My review of Michael Kupperman’s Tales Designed to Thrizzle collection is up at the Chicago Reader:
The lurch from comic-book supervillain cliche to boob-tube homage nicely encapsulates Kupperman’s methods and influences. While alt-comics creators try to cadge some credibility by putting on literary airs and their mainstream peers pray for a movie deal, Kupperman has other burgers to flip. On the one hand, he’s steeped in the conventions of comics past—barmy sales pitches (“Men! Is your penis a urine-leaking, chronically unreliable threat to your mental well-being?”), breathless pulp-adventure titles (I Bothered a Big Fish!), and doofy superheroes (e.g., Underpants-on-His-Head Man).
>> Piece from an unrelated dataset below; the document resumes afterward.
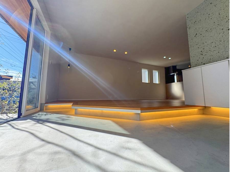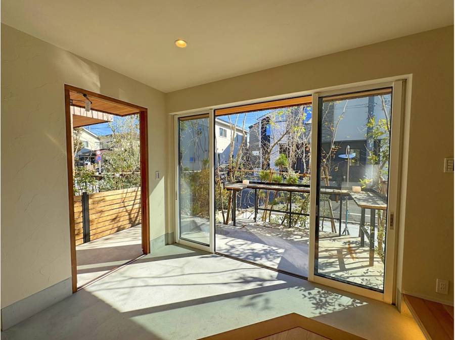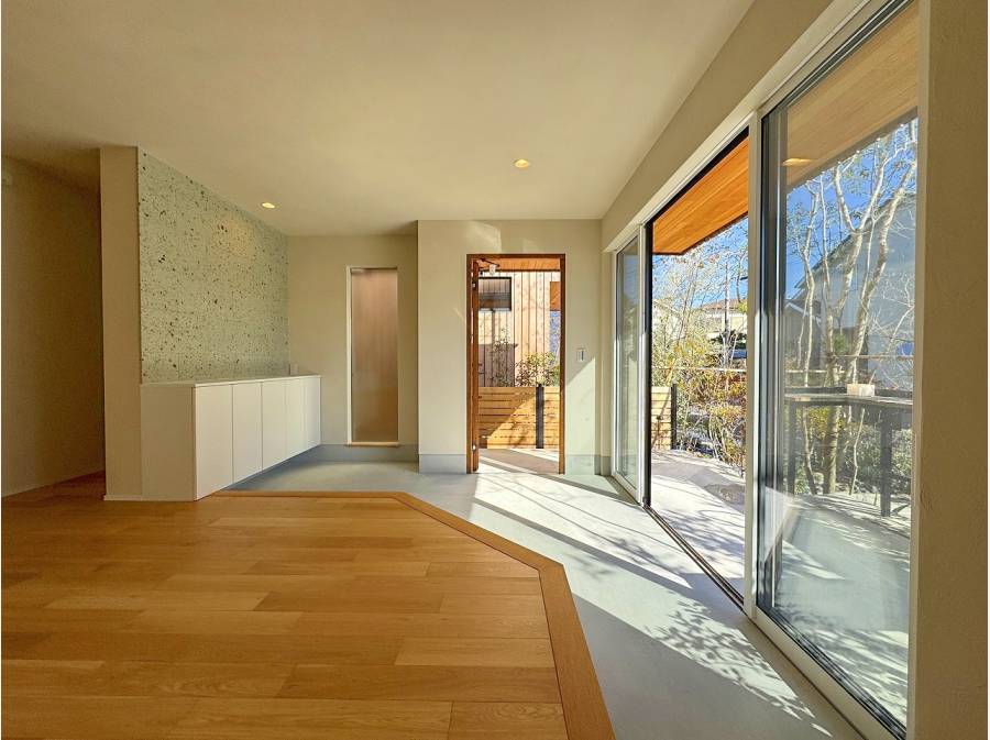 玄関から土間、リビング、テラスへと続く美しい動線。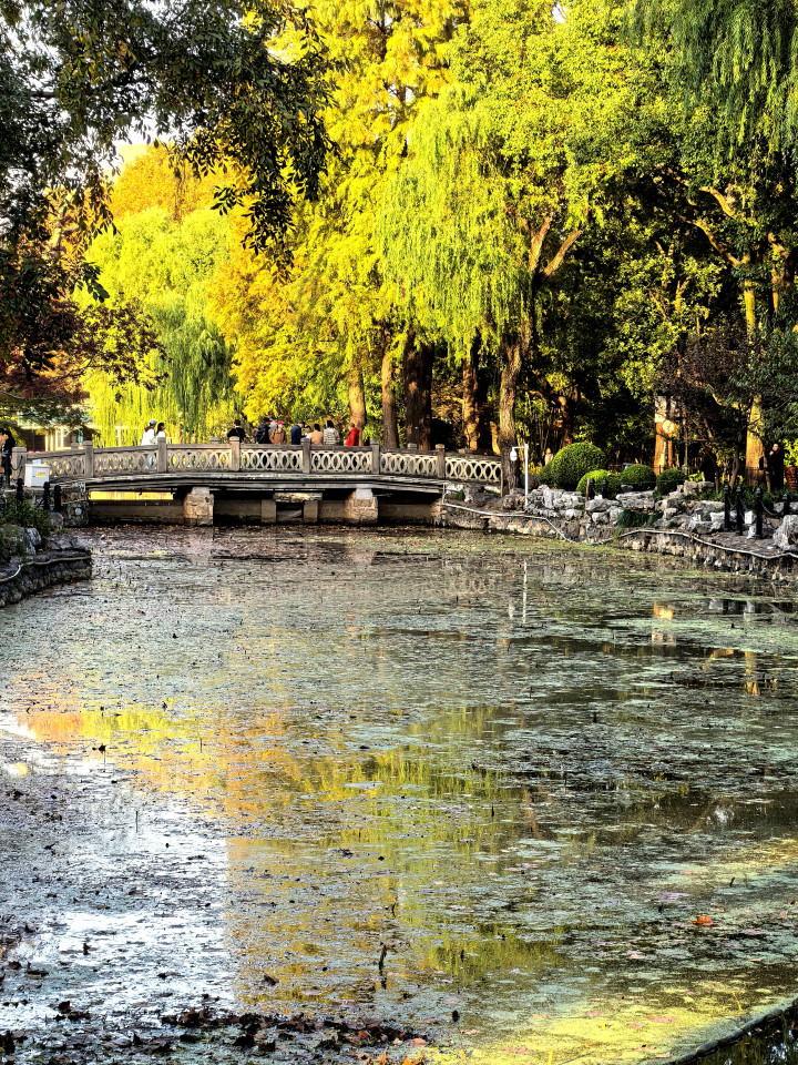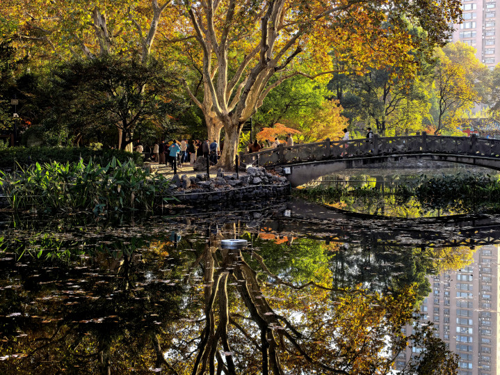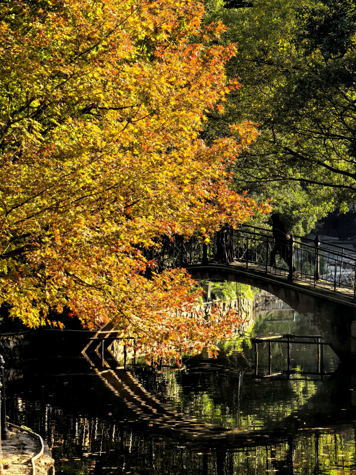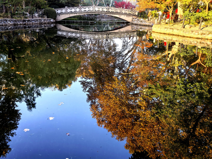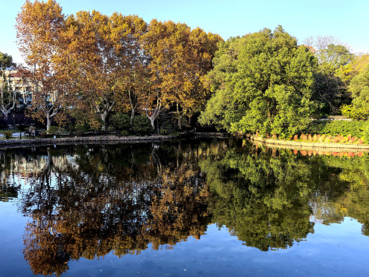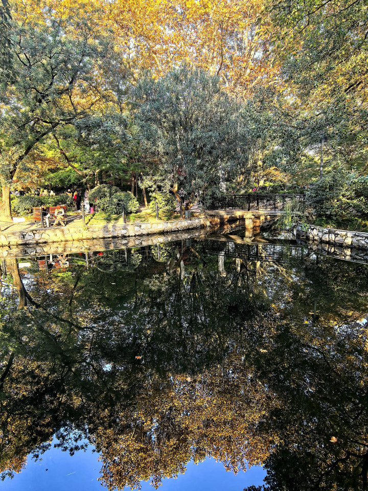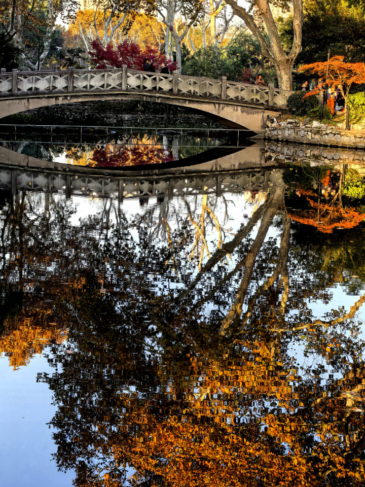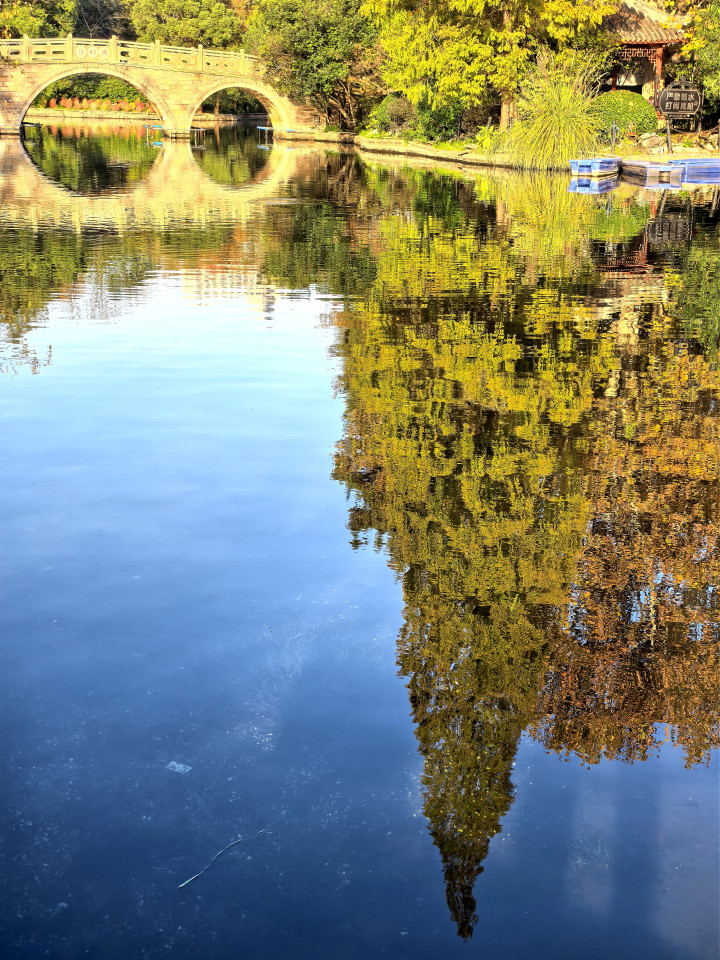 湖边的秋色,几座小秋连接着湖中的小岛和小河。

But his essential rhythms seem to be borrowed from another medium entirely. The way he turns narratives into advertisements, ends stories with some wacko randomly barging through a window, and abruptly drops gags only to pick them up and drop them again suggests that Kupperman takes his cues from the surreality of the small screen—especially Monty Python’s Flying Circus and its animated heirs on the Cartoon Network.
If that’s just not quite enough of my prose, the Reader has also HTMLified some of my older essays (earlier available only as PDFs). There’s one about James Loewen’s Sundown Towns and one about Adam Hochschild’s Bury the Chains now available.